Ilana tak mengatakan apapun. Ia tidak punya pembelaan apapun, karena ia tahu bahwa ibunya tidak akan mendengarkan semua yang ia katakan. Ibunya selalu lebih percaya pada pemikirannya sendiri dan tidak pernah memberinya kesempatan untuk menjelaskan.
“Sampai kapan kamu mau begini, Ilana?” Helen mengatakan itu saat ia mulai tenang. “posisi dua saja sudah buruk, sekarang kamu malah ada di posisi tiga.” kata Helen lagi. “sesusah apa esai itu, hah?” sebelah tangan wanita itu terulur untuk mencubit lengan Ilana yang langsung meringis kesakitan.
“Kalau kamu begini terus, kamu akan ada diperingkat tiga saat akhir semester.” Helen menatap Ilana yang masih menunduk. Sebelah tangan gadis itu terlihat mengusap sisi lengan yang baru saja ia cubit. Tapi ia sama sekali tidak menyesal. Ilana harus diajarkan untuk tak mengalah pada siapapun dan selalu jadi yang pertama. Ia ingin anak itu ada di posisi pertama dalam semua tugas. Ia ingin gadis itu menjadi yang terbaik di sekolahnya.
Sebelah tangan Helen kembali terulur untuk mencubit lengan Ilana yang langsung meringis kesakitan, “dengar Ilana, kalau kamu ada diposisi ketiga lagi di tugas dan ujian lain, mama tidak akan tinggal diam.”
Helen berdiri dan pergi dari ruangan itu, membiarkan Ilana yang masih menunduk dan tengah sekuat tenaga menahan tangisnya.

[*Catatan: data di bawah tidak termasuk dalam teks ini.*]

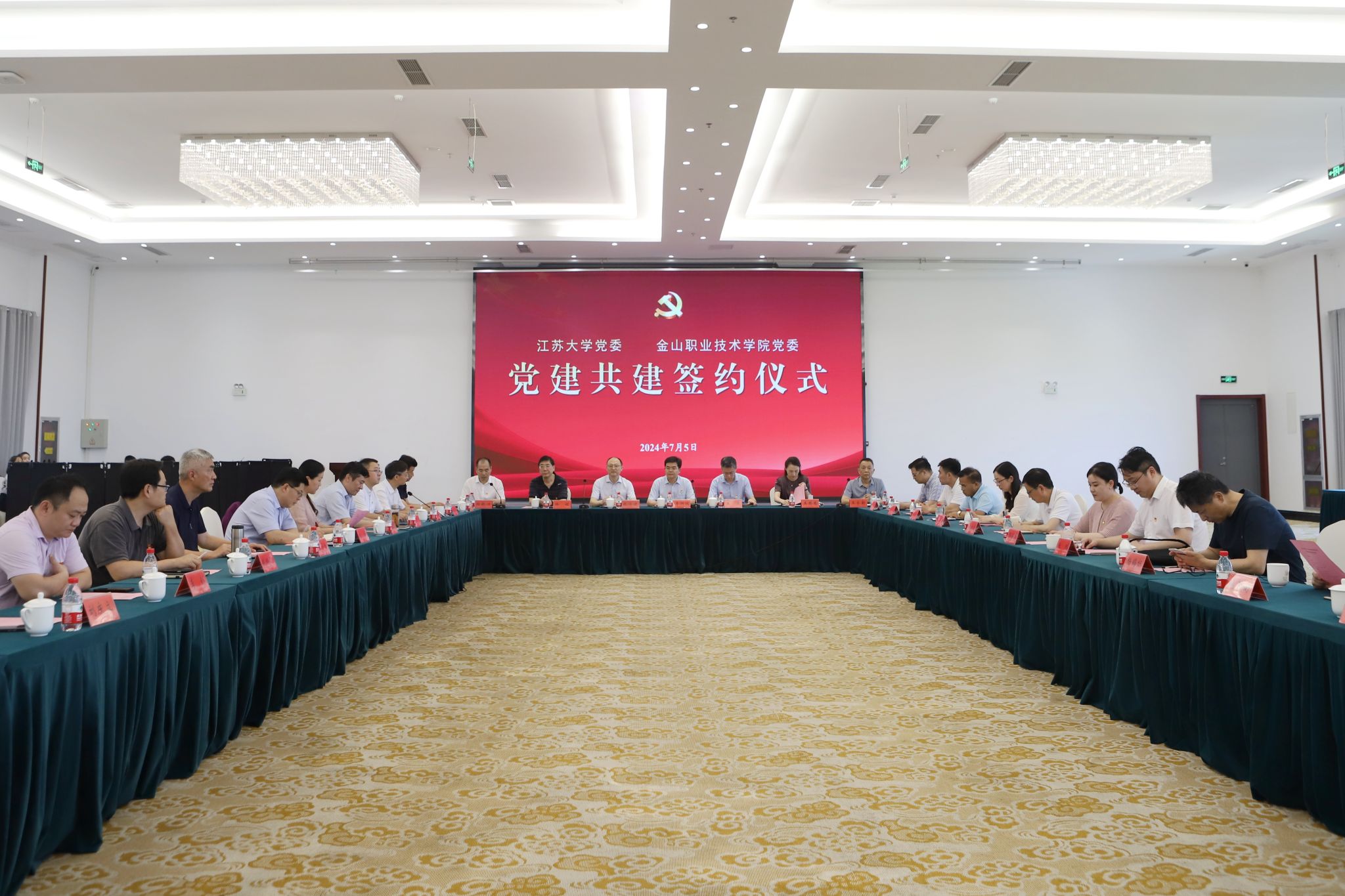 7月5日,开云手机站在线登入与金山职业技术学院党建共建签约仪式在青教公寓三江厅举行。校党委书记李洪波,金山职业技术学院党委书记徐铭,省委教育工委组织处、市委教育工委相关负责同志出席共建签约仪式,两校相关职能部门及院系负责人参加仪式。校党委常委、组织部部长杨敬江主持签约仪式。

Dibalik tembok, sepasang mata memperhatikannya. Asisten rumah tangga yang sudah bekerja di rumah itu selama bertahun-tahun kerap ikut sedih kala melihat bagaimana bosnya memperlakukan anaknya. Baginya wanita itu terlalu ringan tangan terhadap anaknya. Wanita itu selalu menekan anaknya untuk menjadi yang pertama dan sesuai dengan keinginannya. Wanita itu selalu merasa kurang dengan apa yang sudah diraih oleh anaknya.
Wanita paruh baya itu sedih karena tidak bisa berbuat apapun. Ilana selalu mengurung diri. Gadis selalu menghabiskan waktunya di kamar untuk belajar. Gadis itu tidak punya teman dan terkurung dalan dinding invisble yang tidak bisa ditembus oleh dirinya sendiri ataupun orang lain. Gadis itu mungkin terlihat angkuh dan dingin. Namun ia tahu bahwa gadis itu rapuh. Ia tidak ingin orang tahu kehidupannya. Gadis itu tak suka dikasihani.